Records from a data collection:
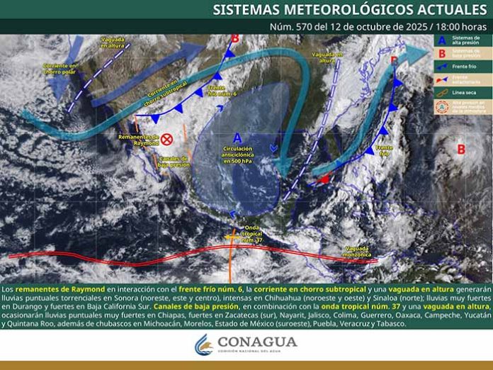 * Canales de Baja Presión en el Pacífico, la Onda Tropical 37 y Frentes Fríos Continuarán Provocando Lluvias Fuertes e Intensas a lo Largo de la Semana
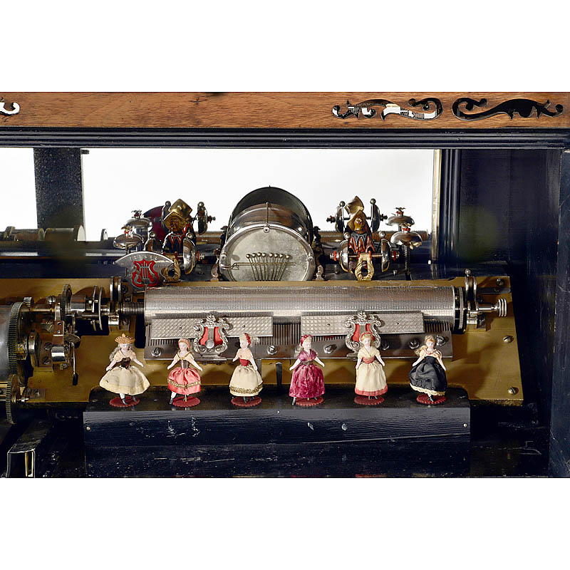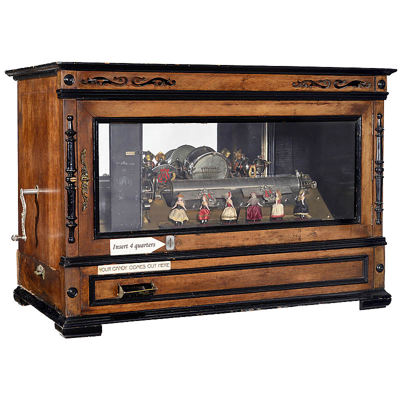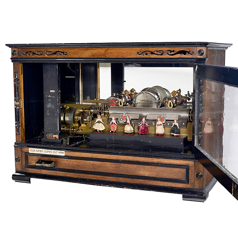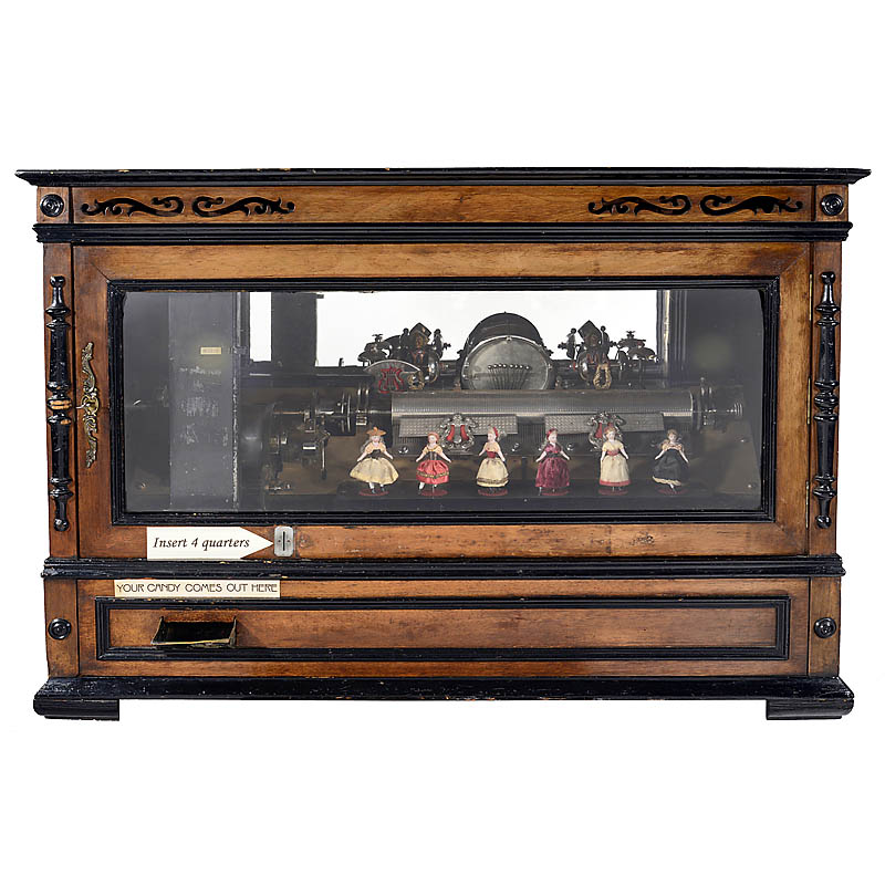 Possibly by Henri Vidoudez, Ste. Croix, No. 13909, with four 6-air cylinders, nickel-plated Mermod-type movement with massive crank-wind double-spring motor driving cylinder and gear for candy dispenser, accompanied by 6 dancing dolls and optional percuss
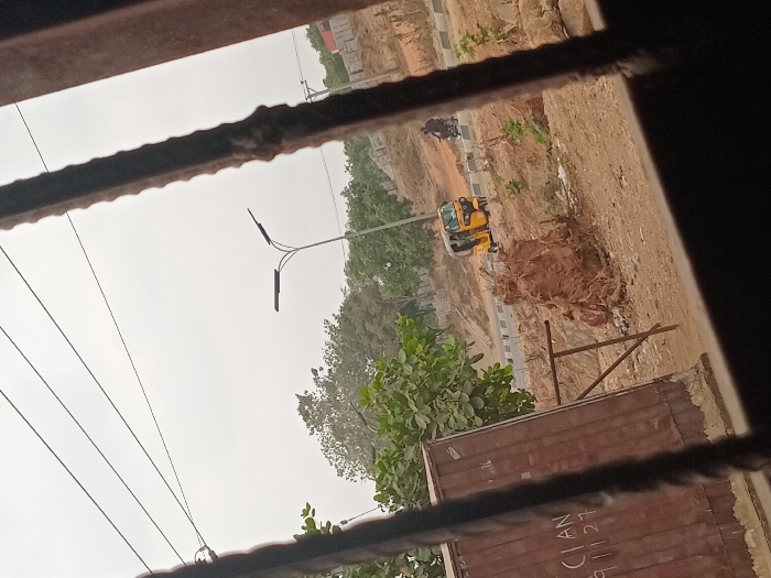 The image captures a street scene in Dam Camp, Nigeria, viewed through blurry, dark brown vertical metal bars in the immediate foreground. To the left, a large, corrugated brown metal structure, resembling a shipping container or kiosk, bears partial white lettering including "CIAN" and "91127." Adjacent to this structure, a prominent mound of reddish-brown earth and root material sits on dry, light brown soil, with a smaller, dark metal frame nearby. A paved road with a black and white striped curb runs horizontally across the mid-ground, where a yellow three-wheeled auto-rickshaw is stationary or moving slowly. Behind the auto-rickshaw, a lone individual on a dark motorcycle is visible. The background features an overcast, light grey sky, numerous green trees and bushes, a street lamp with dual horizontal fixtures (likely solar-powered), and overhead utility lines. Distant light-colored building blocks or structures are present on a slight elevation to the far right.
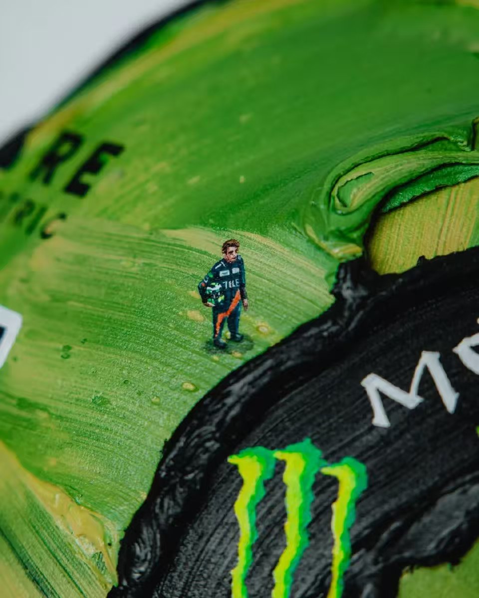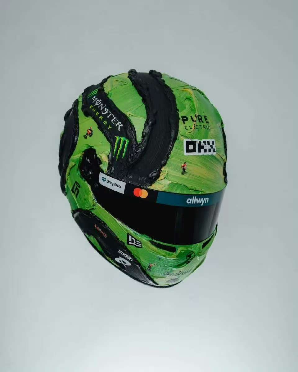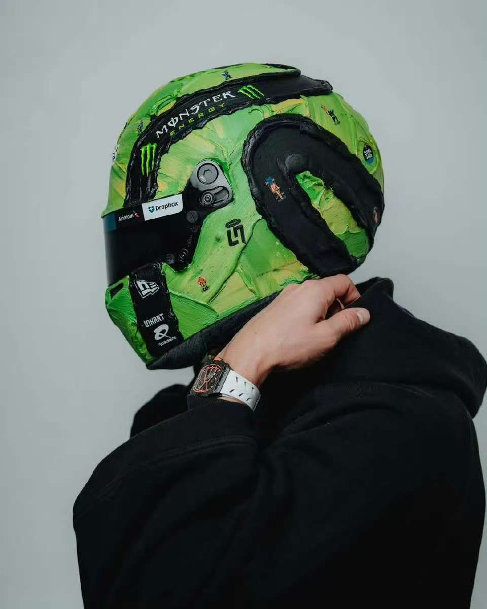 头盔上的诸多元素纪念了他的F1首秀、首个领奖台、首个分站冠军、首个车队世界冠军、银石主场首冠等难忘瞬间。
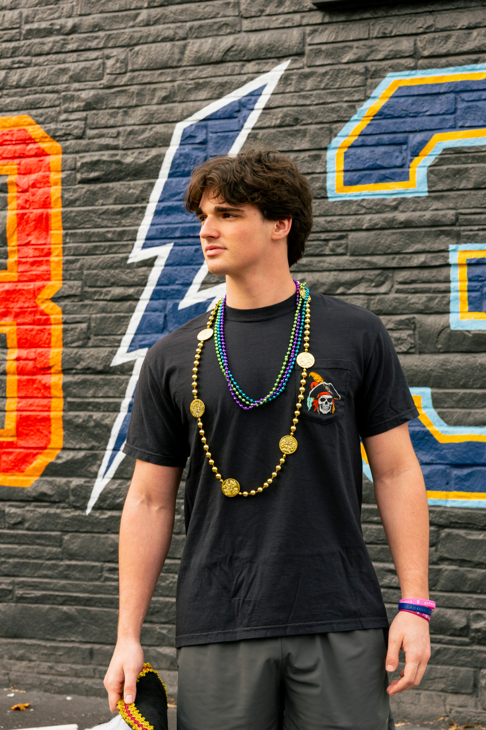 Where legends gather and beads fly. The Gasparilla Bones & Beads Tee captures the spirit of Tampa’s most iconic invasion—featuring a fearless skeletal pirate draped in parade beads and ready to rule the Bay.
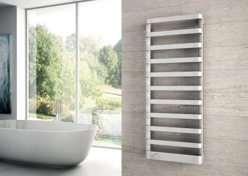 Еще один вид дизайн-радиатора – электрический. Функционирует от сети и больших мощностей не потребляет (как и обычная лампочка). Нагревательные элементы заполнены водой или маслом. Переключатель-термостат позволяет регулировать его работу. Температуру в ванной можно поддерживать в диапазоне 5-30 градусов с плюсом. Стоимость оборудования достаточно приличная.

- **How to complete this task**:
Without copying any images, transcribe the records exactly as they stand.

- **Completed exercise**:
 * Canales de Baja Presión en el Pacífico, la Onda Tropical 37 y Frentes Fríos Continuarán Provocando Lluvias Fuertes e Intensas a lo Largo de la Semana
 Possibly by Henri Vidoudez, Ste. Croix, No. 13909, with four 6-air cylinders, nickel-plated Mermod-type movement with massive crank-wind double-spring motor driving cylinder and gear for candy dispenser, accompanied by 6 dancing dolls and optional percuss
 The image captures a street scene in Dam Camp, Nigeria, viewed through blurry, dark brown vertical metal bars in the immediate foreground. To the left, a large, corrugated brown metal structure, resembling a shipping container or kiosk, bears partial white lettering including "CIAN" and "91127." Adjacent to this structure, a prominent mound of reddish-brown earth and root material sits on dry, light brown soil, with a smaller, dark metal frame nearby. A paved road with a black and white striped curb runs horizontally across the mid-ground, where a yellow three-wheeled auto-rickshaw is stationary or moving slowly. Behind the auto-rickshaw, a lone individual on a dark motorcycle is visible. The background features an overcast, light grey sky, numerous green trees and bushes, a street lamp with dual horizontal fixtures (likely solar-powered), and overhead utility lines. Distant light-colored building blocks or structures are present on a slight elevation to the far right.
 头盔上的诸多元素纪念了他的F1首秀、首个领奖台、首个分站冠军、首个车队世界冠军、银石主场首冠等难忘瞬间。
 Where legends gather and beads fly. The Gasparilla Bones & Beads Tee captures the spirit of Tampa’s most iconic invasion—featuring a fearless skeletal pirate draped in parade beads and ready to rule the Bay.
 Еще один вид дизайн-радиатора – электрический. Функционирует от сети и больших мощностей не потребляет (как и обычная лампочка). Нагревательные элементы заполнены водой или маслом. Переключатель-термостат позволяет регулировать его работу. Температуру в ванной можно поддерживать в диапазоне 5-30 градусов с плюсом. Стоимость оборудования достаточно приличная.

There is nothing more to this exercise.